(Beginning of Information shown)
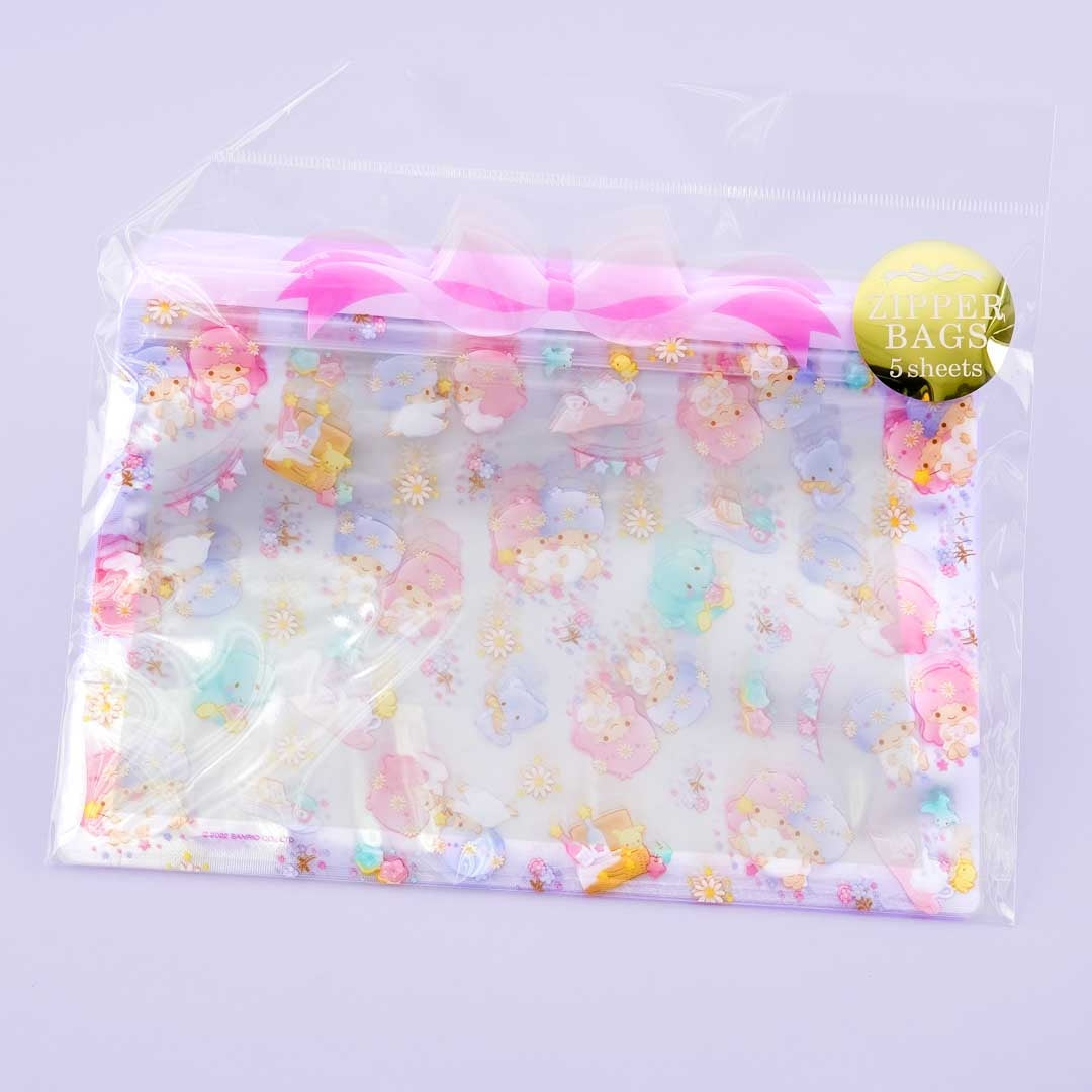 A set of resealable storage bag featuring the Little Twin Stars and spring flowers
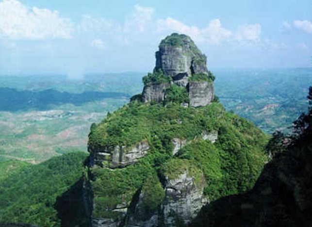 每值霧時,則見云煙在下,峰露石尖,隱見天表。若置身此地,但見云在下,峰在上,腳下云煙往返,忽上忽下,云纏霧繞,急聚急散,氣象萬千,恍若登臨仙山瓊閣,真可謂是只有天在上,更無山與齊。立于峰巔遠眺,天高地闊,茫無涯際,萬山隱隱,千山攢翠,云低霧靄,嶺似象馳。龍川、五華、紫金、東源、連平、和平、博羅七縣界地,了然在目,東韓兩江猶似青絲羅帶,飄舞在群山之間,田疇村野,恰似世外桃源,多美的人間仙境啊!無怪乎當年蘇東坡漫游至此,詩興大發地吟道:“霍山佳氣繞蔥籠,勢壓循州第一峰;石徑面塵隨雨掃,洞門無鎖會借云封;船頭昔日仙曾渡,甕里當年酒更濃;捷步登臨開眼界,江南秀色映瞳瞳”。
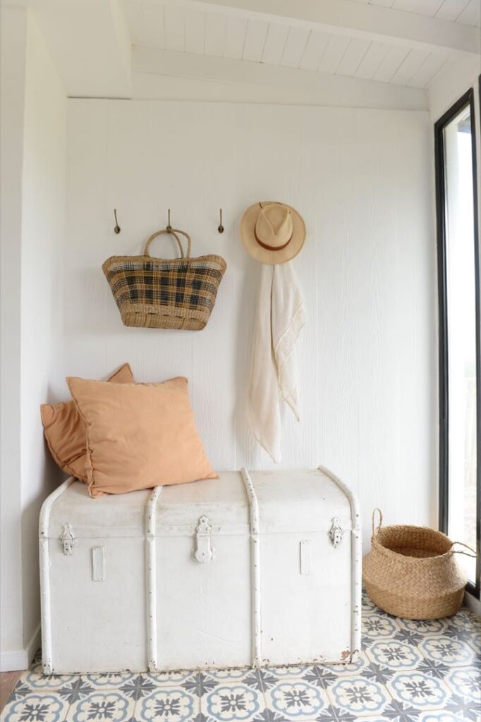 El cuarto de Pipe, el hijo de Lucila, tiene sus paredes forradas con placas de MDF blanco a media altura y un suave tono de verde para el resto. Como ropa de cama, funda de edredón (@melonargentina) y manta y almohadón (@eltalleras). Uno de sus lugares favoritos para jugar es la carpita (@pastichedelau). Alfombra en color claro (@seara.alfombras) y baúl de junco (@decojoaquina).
(End of Information shown)
» Exercise: Please repeat the listing above word for word, with the pictures removed.

» Response area:
 A set of resealable storage bag featuring the Little Twin Stars and spring flowers
 每值霧時,則見云煙在下,峰露石尖,隱見天表。若置身此地,但見云在下,峰在上,腳下云煙往返,忽上忽下,云纏霧繞,急聚急散,氣象萬千,恍若登臨仙山瓊閣,真可謂是只有天在上,更無山與齊。立于峰巔遠眺,天高地闊,茫無涯際,萬山隱隱,千山攢翠,云低霧靄,嶺似象馳。龍川、五華、紫金、東源、連平、和平、博羅七縣界地,了然在目,東韓兩江猶似青絲羅帶,飄舞在群山之間,田疇村野,恰似世外桃源,多美的人間仙境啊!無怪乎當年蘇東坡漫游至此,詩興大發地吟道:“霍山佳氣繞蔥籠,勢壓循州第一峰;石徑面塵隨雨掃,洞門無鎖會借云封;船頭昔日仙曾渡,甕里當年酒更濃;捷步登臨開眼界,江南秀色映瞳瞳”。
 El cuarto de Pipe, el hijo de Lucila, tiene sus paredes forradas con placas de MDF blanco a media altura y un suave tono de verde para el resto. Como ropa de cama, funda de edredón (@melonargentina) y manta y almohadón (@eltalleras). Uno de sus lugares favoritos para jugar es la carpita (@pastichedelau). Alfombra en color claro (@seara.alfombras) y baúl de junco (@decojoaquina).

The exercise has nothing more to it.